Mary laid aside the fork she had lifted to her lips and put down the meat again untasted.
"How do you mean?" she said, on the defensive.
"I repeat, you do not care for the pedlar. I can well understand it, for a more unpleasant and disagreeable fellow I have never clapped eyes on. I gather from Richards, groom to Mr. Bassat, that you suspected the pedlar of the murder and said as much to Mr. Bassat himself. Hence my conclusion that you do not care for him. It is a pity for all of us that the barred room proves him innocent. He would have made an excellent scapegoat and saved a deal of trouble."
The vicar continued to make an excellent supper, but Mary was only playing with her food, and when he offered her a second helping she refused.
"What has the pedlar done to incur your displeasure to such an extent?" he enquired, harping upon the subject with persistence.
"He attacked me once."
"I thought as much. He is true to a particular type. You resisted him, of course?"
"I believe I hurt him. He did not touch me again."
"No, I do not suppose he did. When did this happen?"
"On Christmas Eve."
"After I left you at Five Lanes?"
"Yes."
"I am beginning to understand. You did not return, then, to the inn that night? You fell in with the landlord and his friends upon the road?"
"Yes."
"And they took you with them to the shore to add to their sport?"

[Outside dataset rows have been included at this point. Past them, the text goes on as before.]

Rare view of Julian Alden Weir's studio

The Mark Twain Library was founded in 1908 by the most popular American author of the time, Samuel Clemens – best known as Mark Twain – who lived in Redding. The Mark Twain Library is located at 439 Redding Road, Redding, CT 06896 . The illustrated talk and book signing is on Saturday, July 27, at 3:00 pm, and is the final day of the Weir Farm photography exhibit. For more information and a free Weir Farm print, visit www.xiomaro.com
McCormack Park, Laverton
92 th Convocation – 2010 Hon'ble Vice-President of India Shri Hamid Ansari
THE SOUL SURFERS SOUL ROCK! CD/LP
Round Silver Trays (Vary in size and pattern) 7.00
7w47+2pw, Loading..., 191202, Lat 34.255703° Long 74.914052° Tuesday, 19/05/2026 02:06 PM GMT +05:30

"Please, Mr. Davey, do not ask me any more. I would rather not speak of that night, neither here nor in the future, nor ever again. There are some things that are best buried deep."

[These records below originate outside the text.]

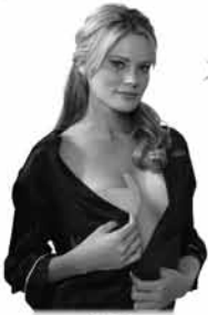
1993 Adhesive Bra

Fashion Forms is a proud sponsor of Pier Under the Stars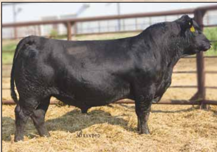
Ellingson Top Gun 5049, a maternal brother to Lot 226 and a full brother to Lot 227's dam.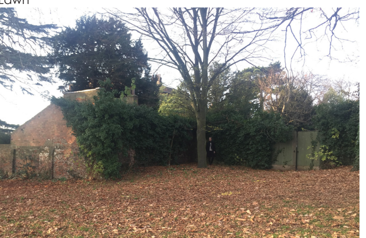
6. South End House boundary wall and gazebo with existing Stable Block fence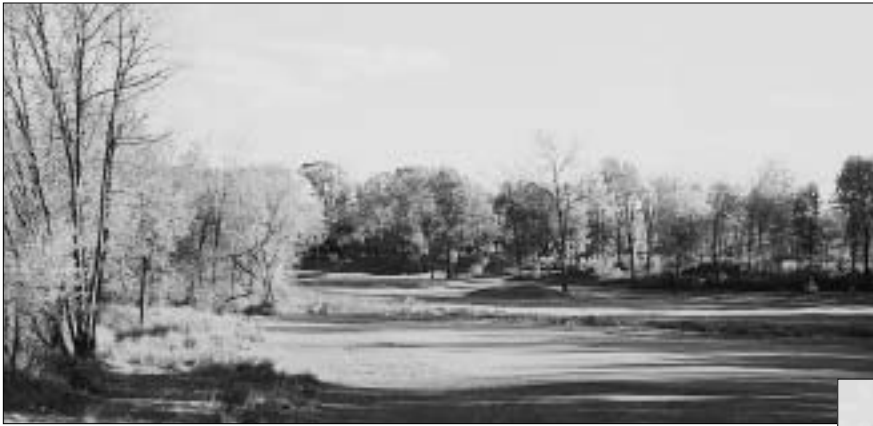
The finishing hole's tee shot (above) must carry the new stretch of Juday Creek and bend left to the green. The entire left side of the 18th fairway is bordered by the bed of the former Juday Creek, which has been filled to form a new stream.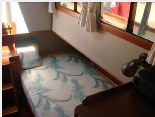
Port Master Stateroom Berth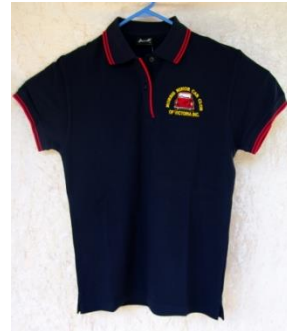
Short Sleeve Polo $30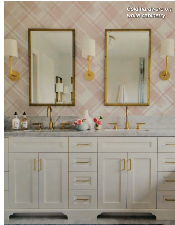
Gold hardware on white cabinetry

White cabinetry has been a favorite for many years. We are starting to see more color on cabinetry with navy blue, deep green, charcoal and black. Natural wood finishes in beams, posts, countertops, and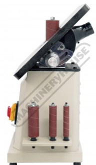
Table Tilted 45 Degrees - Right Side View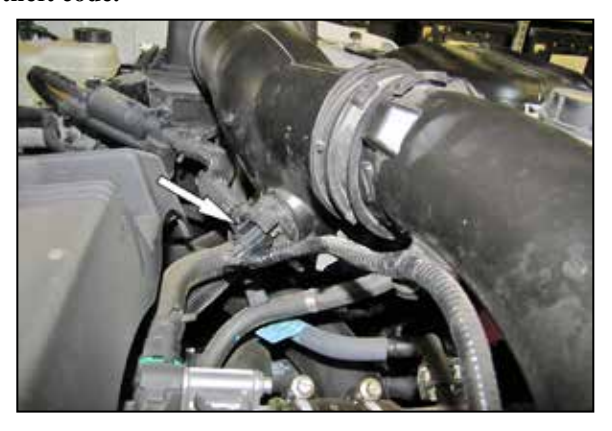
2. Disconnect the inlet air temperature sensor electrical connection.

NOTE: Disconnecting the negative battery cable erases pre-programmed electronic memories. Write down all memory settings before disconnecting the negative battery cable. Some radios will require an anti-theft code to be entered after the battery is reconnected. The anti-theft code is typically supplied with your owner's manual. In the event your vehicles anti-theft code cannot be recovered, contact an authorized dealership to obtain your vehicles antitheft code.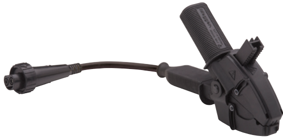
KC2-C Kelvin Clip 2 - connect (x1) Order part number: 1006-451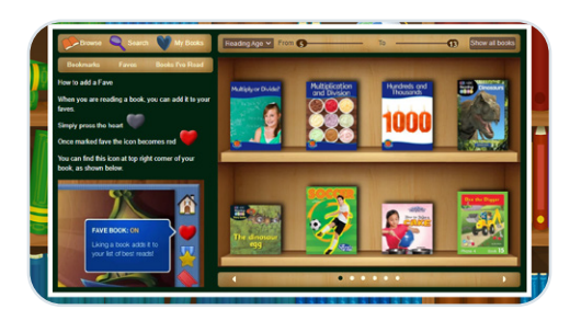
What do you click on to find your bookmarks, favorites, and books you've read?

"You shall not speak of it, Mary Yellan. I blame myself for having allowed you to continue your journey alone. Looking at you now, with your clear eye and skin, and the way you carry your head, and, above all, the set of your chin, you bear little trace of what you endured. The word of a parish priest may not go for much — but you have shown remarkable fortitude. I admire you."
She looked up at him, and then away again, and fell to crumbling a piece of bread in her hand.

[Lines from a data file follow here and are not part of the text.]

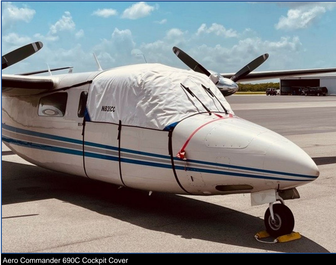
Aero Commander 690C Cockpit Cover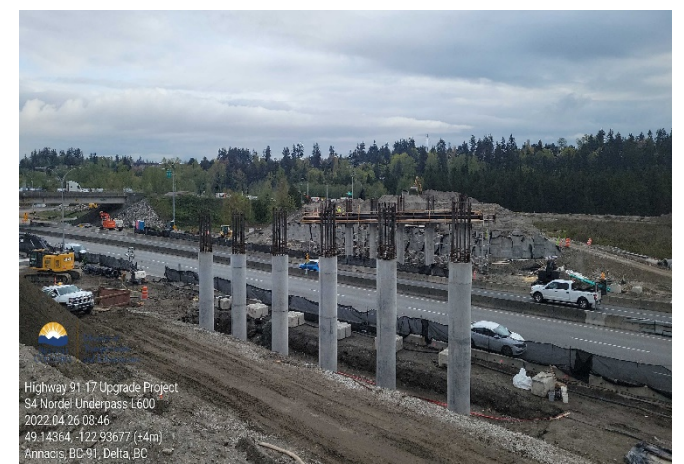
S3 – Nordel Underpass. Taken April 26, 2022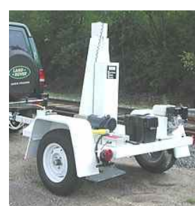
Terraloc accepts a wide range of trigger signals which allows the usage of a variety of energy sources.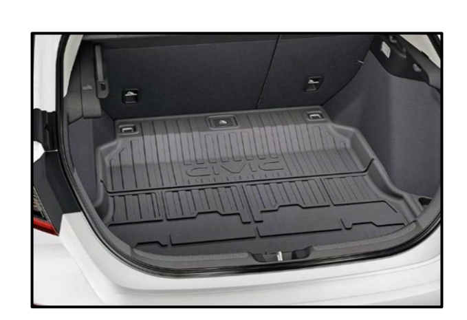
Cargo Tray $ 191 $0.87 /wk * (2.99%)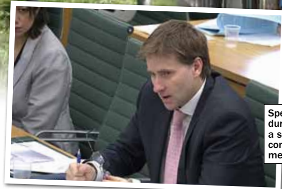
Speaking during a select committee meeting.

Constituents who would like a tour of Parliament or to climb Big Ben need only get in touch. Larger school, college or university groups can also be arranged. Please contact me as overleaf.

"When I consider the pedlar," he continued, after a while, helping himself generously to stewed damsons, "I feel it very remiss of the murderer not to have looked into the barred room. It may have been that he was pressed for time, but a minute or two could hardly have affected the issue, and he would most certainly have made the whole affair more thorough."
"In what way, Mr. Davey?"
"Why, by putting paid to the pedlar's account."
"You mean, he might have killed him too?"
"Precisely. The pedlar is no ornament to the world while he lives, and dead he would at least make food for worms. That is my opinion. What is more, had the murderer known that the pedlar had attacked you, he would have had a motive strong enough to kill twice over."